2017-02-03 Thread David Miller
From: Corentin Labbe 
Date: Fri, 3 Feb 2017 14:41:45 +0100

> On Tue, Jan 31, 2017 at 11:12:25PM -0500, David Miller wrote:
>> From: Corentin Labbe 
>> Date: Tue, 31 Jan 2017 10:11:48 +0100
>> 
>> > The stmmac driver run TX completion under NAPI but without checking
>> > the work done by the TX completion function.
>> 
>> The current behavior is correct and completely intentional.
>> 
>> A driver should _never_ account TX work to the NAPI poll budget.
>> 
>> This is because TX liberation is orders of magnitude cheaper than
>> receiving a packet, and such SKB freeing makes more SKBs available
>> for RX processing.
>> 
>> Therefore, TX work should never count against the NAPI budget.
>> 
>> Please do not fix something which is not broken.
> 
> So at least the documentation I read must be fixed 
> (https://wiki.linuxfoundation.org/networking/napi)

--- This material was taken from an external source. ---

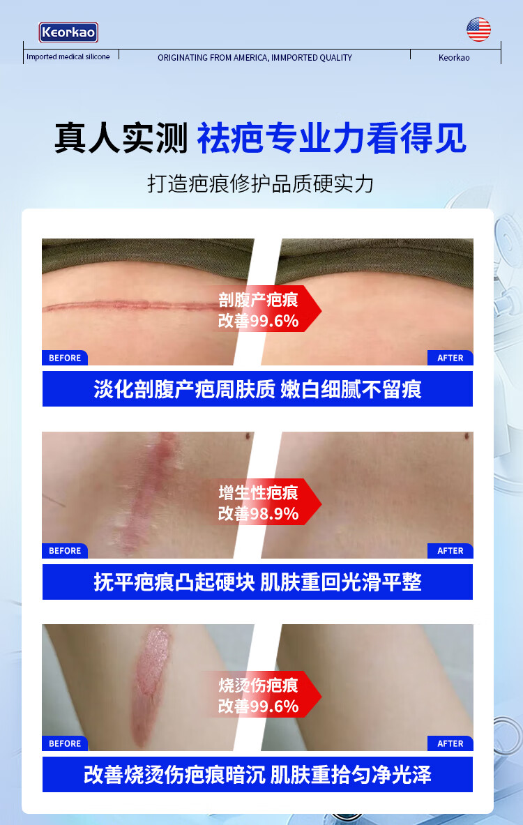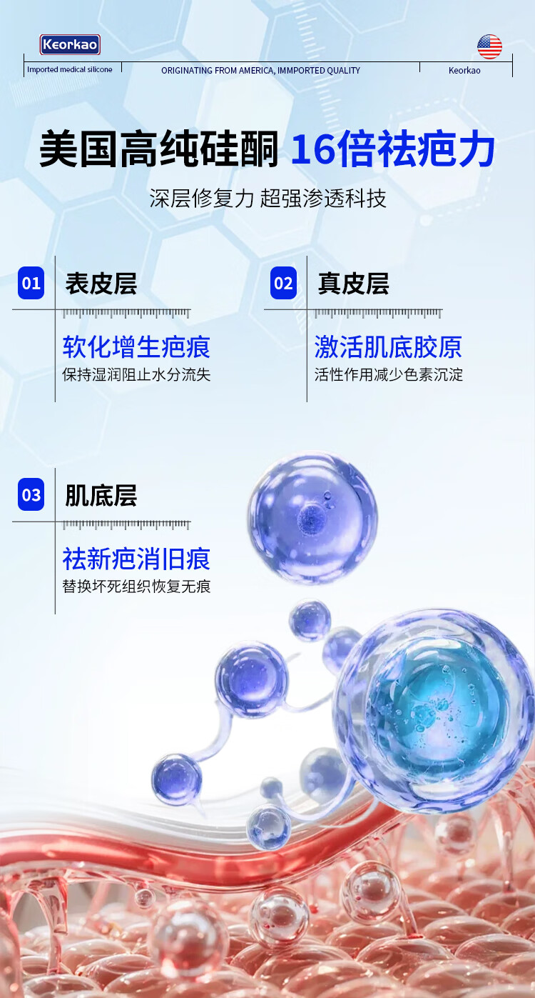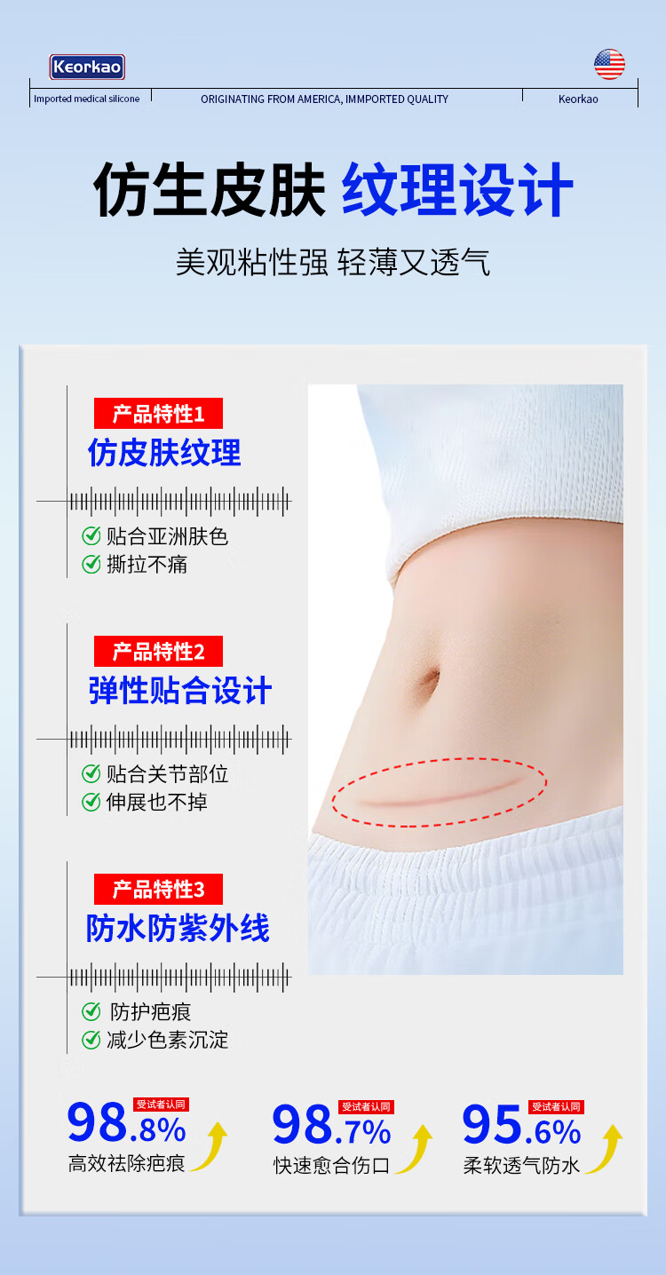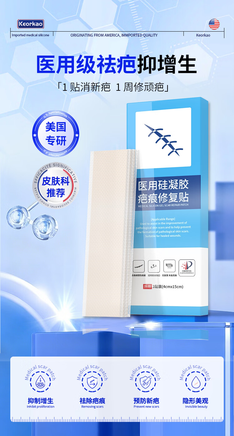 KEORKAO美国进口硅酮医用疤痕贴剖腹产膏减张贴去祛疤痕专用修复
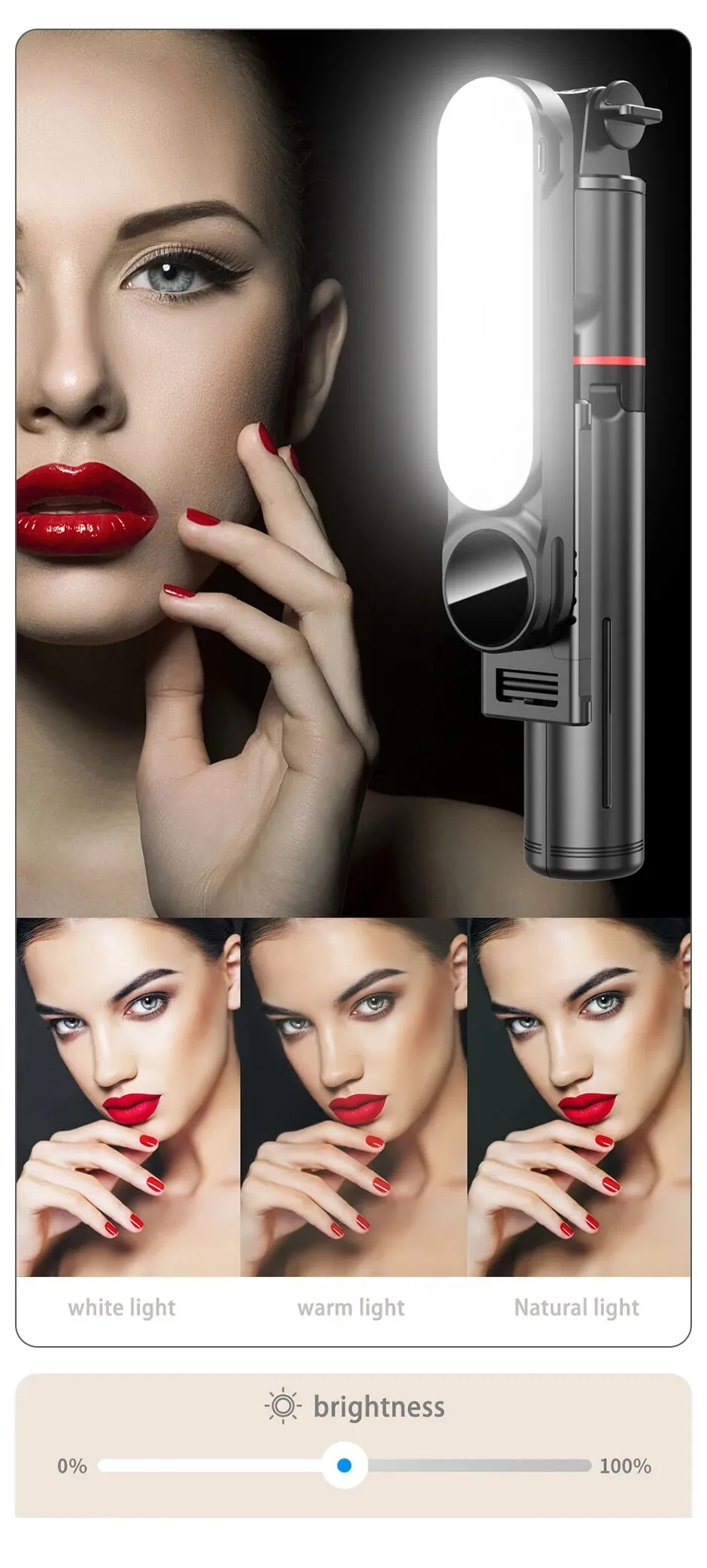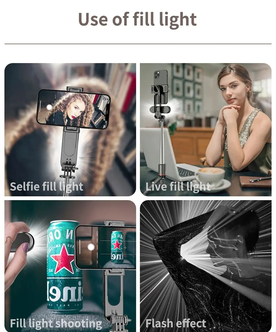 Selfie Stick Tripod with LED Fill Light Wireless Bluetooth for Iphone Samsung Huawei Mi Cell Phone Smartphone Gimbal Stabilizer

We have no control over nor care about what the Linux Foundation writes
about the Linux networking code.

Complain to them and please do not bother us about it.

Thank you.


Re: [PATCH 13/17] net: stmmac: Implement NAPI for TX

2017-02-03 Thread Corentin Labbe
On Tue, Jan 31, 2017 at 11:12:25PM -0500, David Miller wrote:
> From: Corentin Labbe 
> Date: Tue, 31 Jan 2017 10:11:48 +0100
> 
> > The stmmac driver run TX completion under NAPI but without checking
> > the work done by the TX completion function.
> 
> The current behavior is correct and completely intentional.
> 
> A driver should _never_ account TX work to the NAPI poll budget.
> 
> This is because TX liberation is orders of magnitude cheaper than
> receiving a packet, and such SKB freeing makes more SKBs available
> for RX processing.
> 
> Therefore, TX work should never count against the NAPI budget.
> 
> Please do not fix something which is not broken.

So at least the documentation I read must be fixed 
(https://wiki.linuxfoundation.org/networking/napi)

So perhaps the best way is to do like intel igb/ixgbe, keeping under NAPI until 
the stmmac_tx_clean function said that it finish handling the queue ?

Regards
Corentin Labbe


Re: [PATCH 13/17] net: stmmac: Implement NAPI for TX

2017-01-31 Thread David Miller
From: Corentin Labbe 
Date: Tue, 31 Jan 2017 10:11:48 +0100

> The stmmac driver run TX completion under NAPI but without checking
> the work done by the TX completion function.

The current behavior is correct and completely intentional.

A driver should _never_ account TX work to the NAPI poll budget.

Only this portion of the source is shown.